## [Task item]
In full and without alteration, print the records below, minus any images.

Segment Start: Material provided

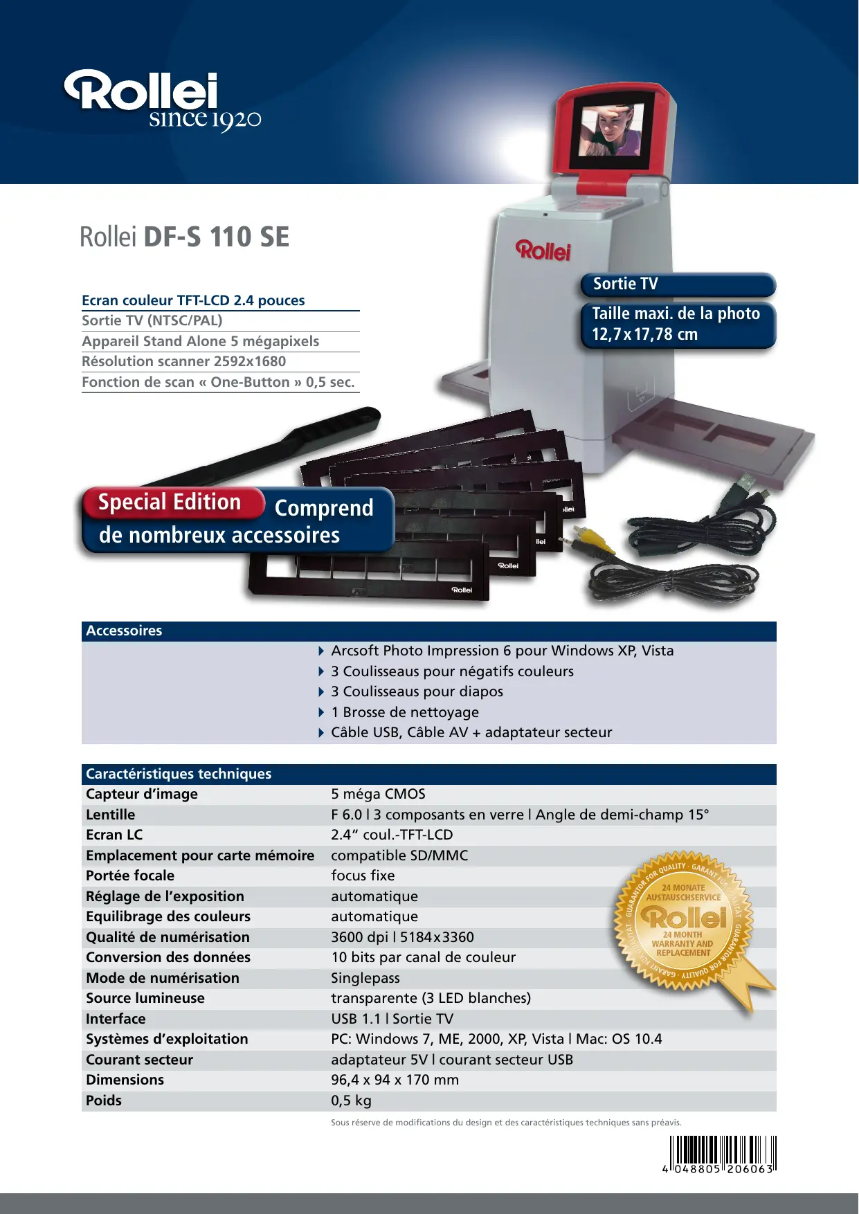 | Formats de film compatibles | Diapositives 35 mm, Négatifs 35 mm, Négatifs 110 mm |
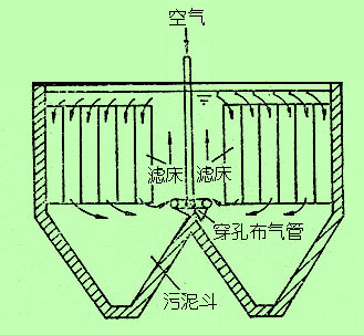生物接觸氧化池內設置填料,填料淹沒在廢水中,填料上長滿生物膜,廢水與生物膜接觸過程中,水中的有機物被微生物吸附、氧化分解和轉化為新的生物膜。從填料上脫落的生物膜,隨水流到二沉池后被去除,廢水得到凈化。在接觸氧化池中,微生物所需要的氧氣來自水中,而廢水則自鼓人的空氣不斷補充失去的溶解氧?諝馐峭ㄟ^設在池底的穿孔布氣管進入水流,當氣泡上升時向廢水供應氧氣,有時并借以回流池水。參見圖2。圖2 集中布氣式浸沒曝氣生物濾池
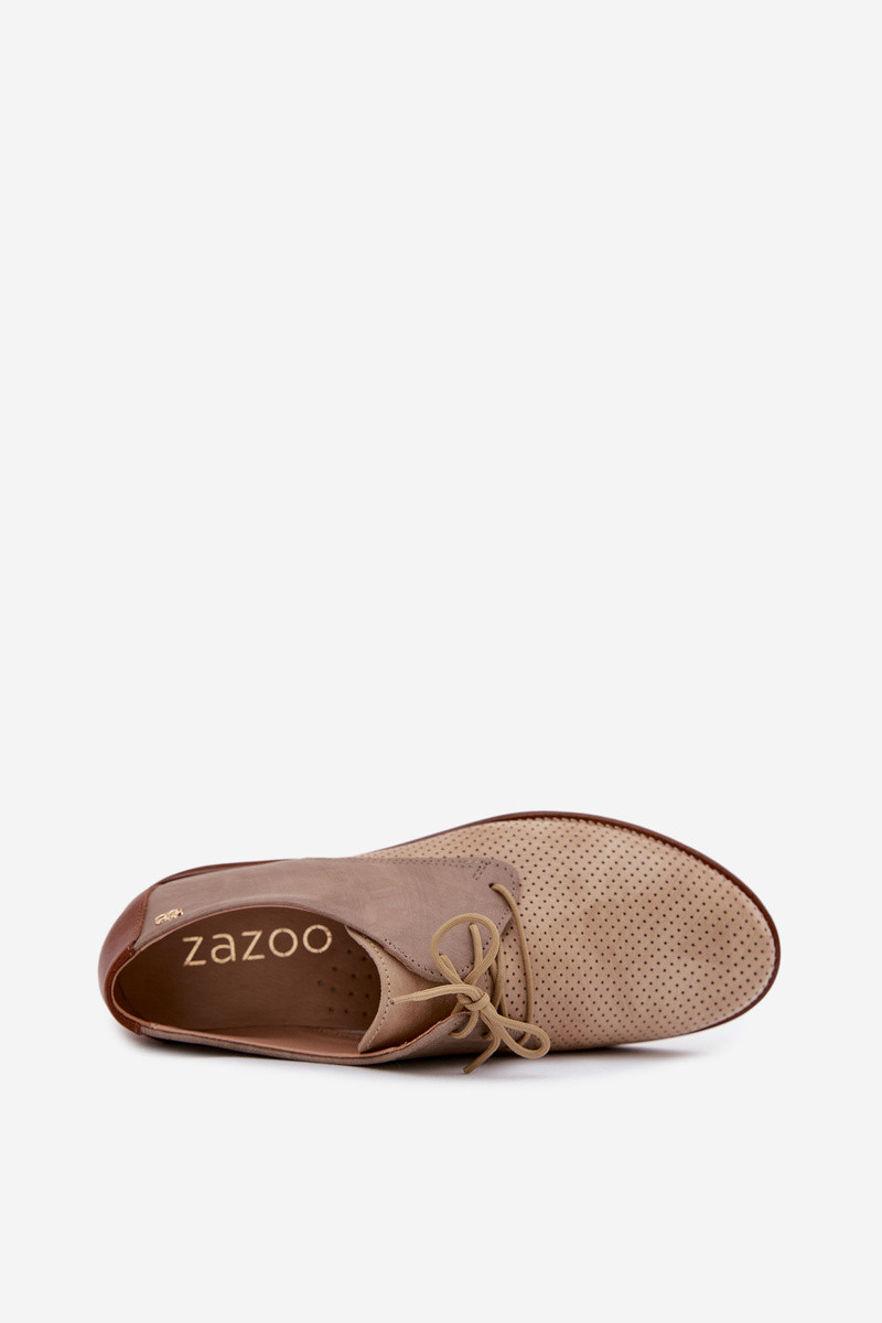 Elegant sand and brown women's leather shoes with laces Zazoo 4238
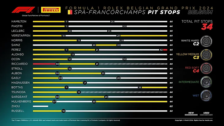 Кроме британца нашелся еще один гонщик, который выбрал тактику одной остановки. Это был Фернандо Алонсо, который также использовал жесткие шины на своем последнем отрезке, хотя перешел на них на три круга позже Расселла. Тем не менее, он использовал жесткие шины на тренировке, поэтому в «Астон Мартин» должны были знать больше о степени их износа.
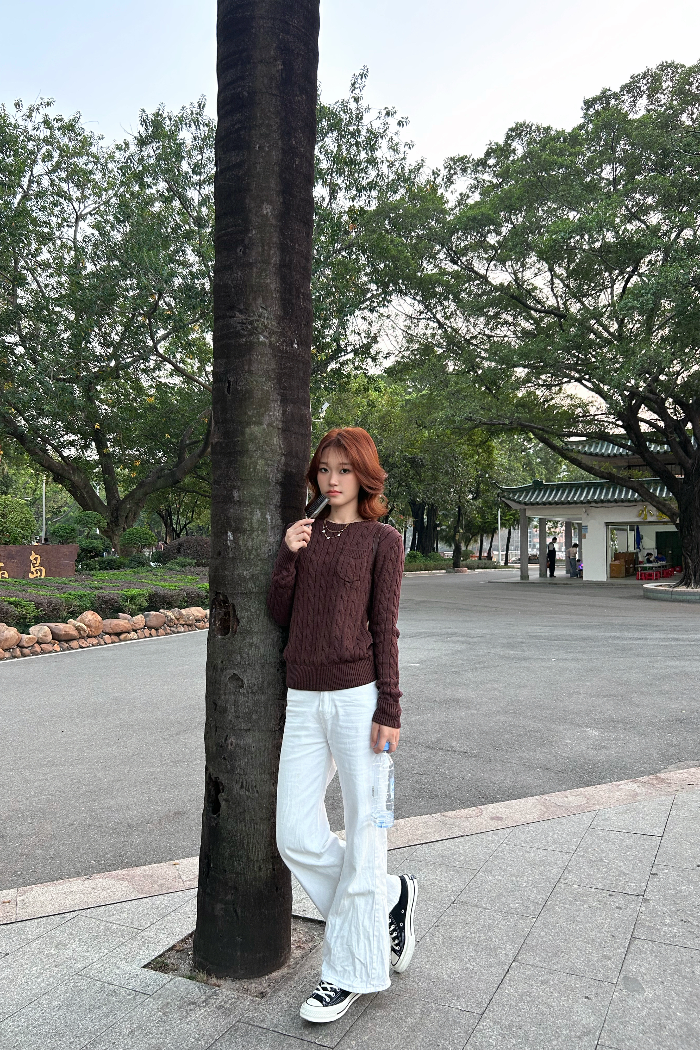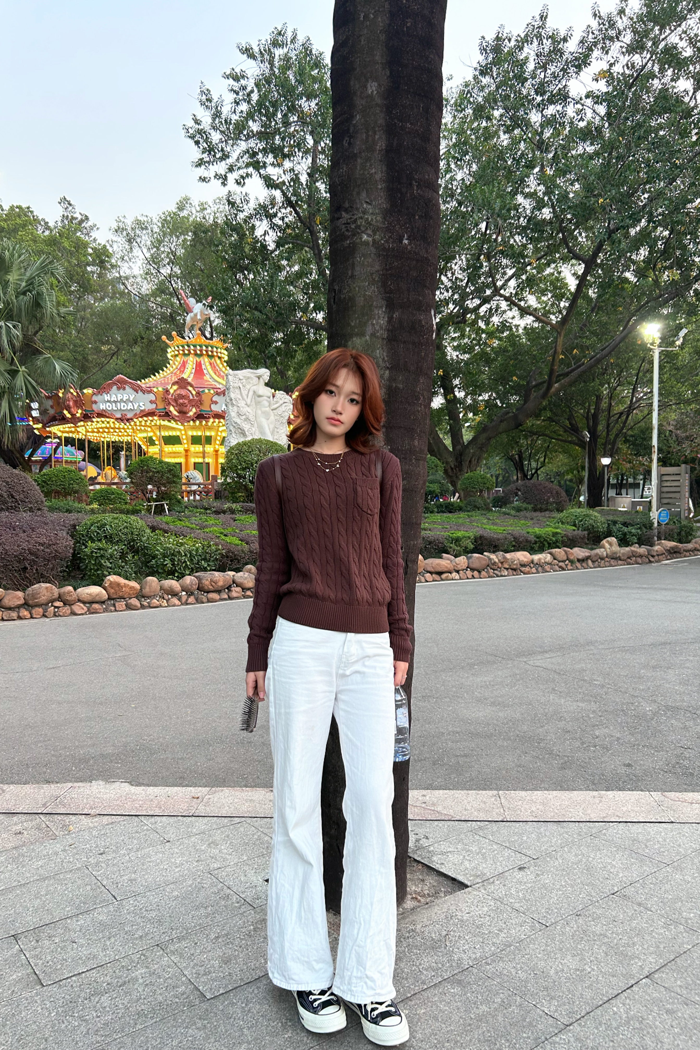 🍂 棕调麻花针织衫+纯白阔腿裤,复古松弛感拉满。在游乐园旁的树下,把秋日氛围感焊在身上~
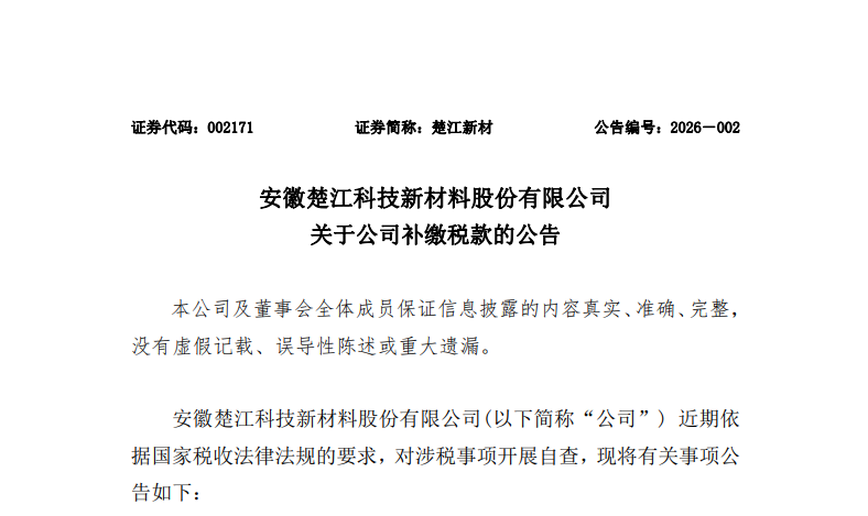 1月24日,芜湖上市公司楚江新材发布公告称,经自查,公司(含子公司)应补缴税款及滞纳金合计4551.01万元,其中补缴税款4069.85万元,滞纳金481.16万元,目前已全部缴纳。

Segment End: Material provided

## [Solved problem]
 | Formats de film compatibles | Diapositives 35 mm, Négatifs 35 mm, Négatifs 110 mm |
生物接觸氧化池內設置填料,填料淹沒在廢水中,填料上長滿生物膜,廢水與生物膜接觸過程中,水中的有機物被微生物吸附、氧化分解和轉化為新的生物膜。從填料上脫落的生物膜,隨水流到二沉池后被去除,廢水得到凈化。在接觸氧化池中,微生物所需要的氧氣來自水中,而廢水則自鼓人的空氣不斷補充失去的溶解氧?諝馐峭ㄟ^設在池底的穿孔布氣管進入水流,當氣泡上升時向廢水供應氧氣,有時并借以回流池水。參見圖2。圖2 集中布氣式浸沒曝氣生物濾池
 Elegant sand and brown women's leather shoes with laces Zazoo 4238
 Кроме британца нашелся еще один гонщик, который выбрал тактику одной остановки. Это был Фернандо Алонсо, который также использовал жесткие шины на своем последнем отрезке, хотя перешел на них на три круга позже Расселла. Тем не менее, он использовал жесткие шины на тренировке, поэтому в «Астон Мартин» должны были знать больше о степени их износа.
 🍂 棕调麻花针织衫+纯白阔腿裤,复古松弛感拉满。在游乐园旁的树下,把秋日氛围感焊在身上~
 1月24日,芜湖上市公司楚江新材发布公告称,经自查,公司(含子公司)应补缴税款及滞纳金合计4551.01万元,其中补缴税款4069.85万元,滞纳金481.16万元,目前已全部缴纳。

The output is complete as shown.